Major structural differences between chitosanases Csn1 and Csn3. a Overall structure models obtained with ESyPred3D (Lambert et al. 2002) using the 4OLT file from Protein Data Bank (Lyu et al. 2014) as template, showing the minor (upper) lobe and the major (lower) lobe. Three residues directly involved in catalysis (Glu, Asp, Thr) are represented as balls and sticks. Green and red arrows indicate the segments detailed in sections b and c, respectively. b comparison of hinge segments between the major and the minor lobe. c comparison between large loops in the major lobe. Graphics executed with the RasMol program (Sayle and Milner-White 1995)

Other differences among Csn3 and Csn1 as well as other deeply studied chitosanases from group A have possibly predictable consequences. Lyu et al. (2014, 2015) analyzed in detail the catalytic and substrate-binding mechanisms of chitosanase OU01. Based on their work and on the large sequence alignment published previously (Viens et al. 2015b), we extracted a list of residues important for catalytic mechanism and substrate binding, as well as those contributing to the electronegativity of the substrate-binding cleft and the stability of inter-lobe interactions. We present (Table 3) the corresponding residues in CsnN174, Csn1, Csn2, Csn3, and the chitosanase from Bacillus subtilis (Rivas et al. 2000).

Table 3 Correspondence of functional residues among chitosanases

Data in Table 3 allow for several conclusions. While members of group A chitosanases are remarkably homogenous in their functional residues (with just a few minor substitutions for Csn2), Csn3 is quite different, having more similarity to B. subtilis chitosanase. However, residues directly involved in catalysis are strictly conserved in all five enzymes.

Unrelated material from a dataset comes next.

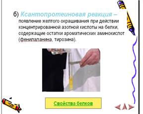 Кроме биуретовой реакции существует еще ряд цветных реакций, позволяющих доказать наличие отдельных фрагментов белковой молекулы, например ксантопротеиновая.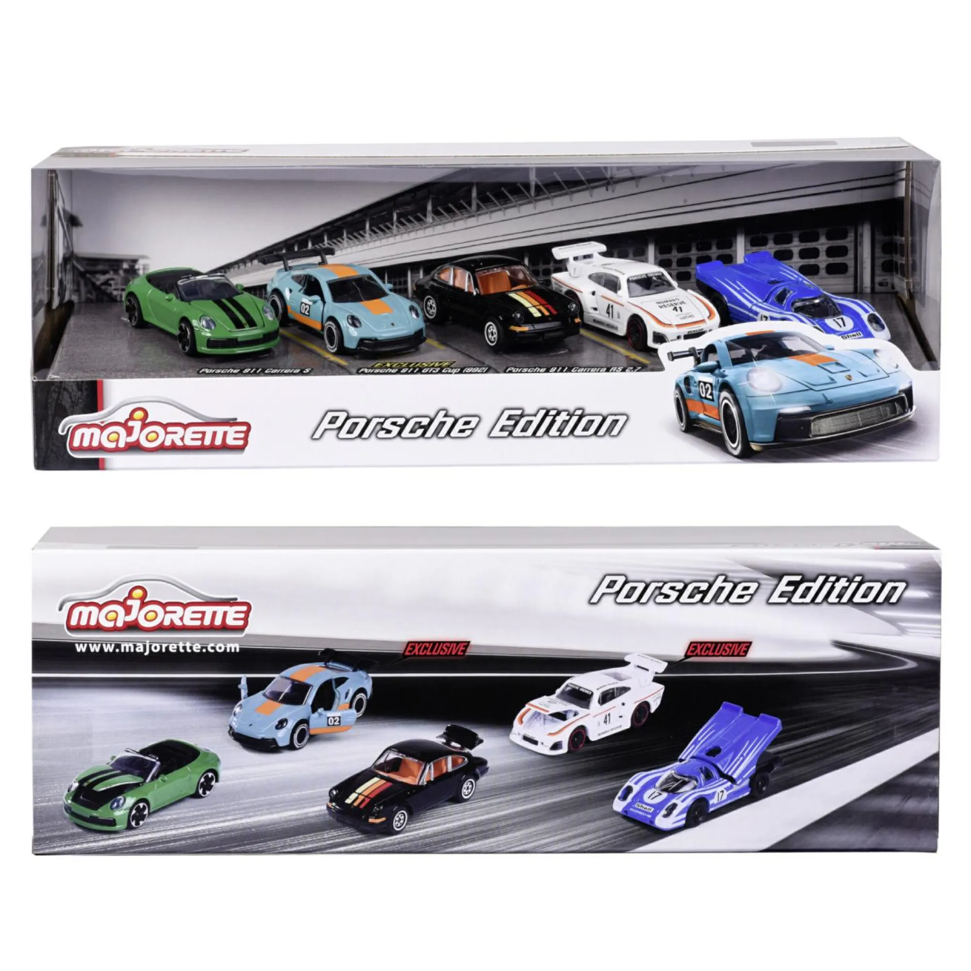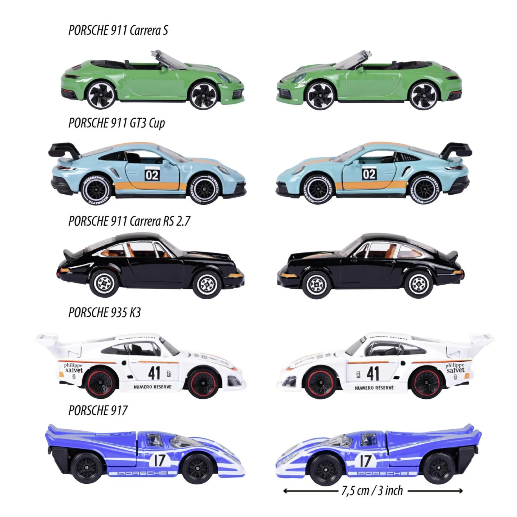 • Porsche 917 blu • Porsche 911 Carrera RS 2.7 nera • Porsche 911 Carrera S Cabriolet verde • Esclusiva: Porsche 935 K3 bianca • Esclusiva: Porsche 911 GT3 Cup (992) blu

Inside the set of residues involved in substrate binding, several substitutions are observed in Csn3; what could explain the differences in K m among Csn3 and Csn1 or Csn2H? Nevertheless, the most drastic substitutions are observed for residues creating the electronegativity of the substrate-binding cleft or those involved in the inter-lobe stability. In Csn3 (and B. subtilis chitosanase), the substrate-binding cleft appears to be much less electronegative, including only two acidic residues compared with seven in group A enzymes. Lyu et al. (2015) mutated two glutamates from this set into alanine and the resulting enzymes gained enhanced specific activity. Thus, the decrease of electronegativity of the substrate-binding cleft can explain, at least partly, the higher specific activity (and turnover number) of Csn3 compared with Csn1 and Csn2H.

Finally, it was postulated that two interacting residues, Glu120 and Arg123 in OU01 chitosanase contribute to inter-lobe stability (Lyu et al. 2015). These residues are substituted by Gln and Glu, respectively in Csn3 suggesting a weaker interaction resulting in increased inter-lobe flexibility. The E120A mutation introduced by Lyu et al. (2015) aiming to disrupt this interaction resulted in an enzyme with enhanced activity. Therefore, the increased inter-lobe flexibility provides a further explanation of the higher specific activity of Csn3. Clearly, group B chitosanases would merit more investigations of their structure-function relationships.

Members of the genus Kitasatospora were identified among the most abundant chitosan-degrading microorganisms at early stages of chitosan degradation in soil (Sawaguchi et al. 2015). The biochemical diversity of chitosanases such as observed in K. setae KM-6054 could contribute to such successful propagation. It remains to be investigated how such diversity could be exploited in biotechnological processes.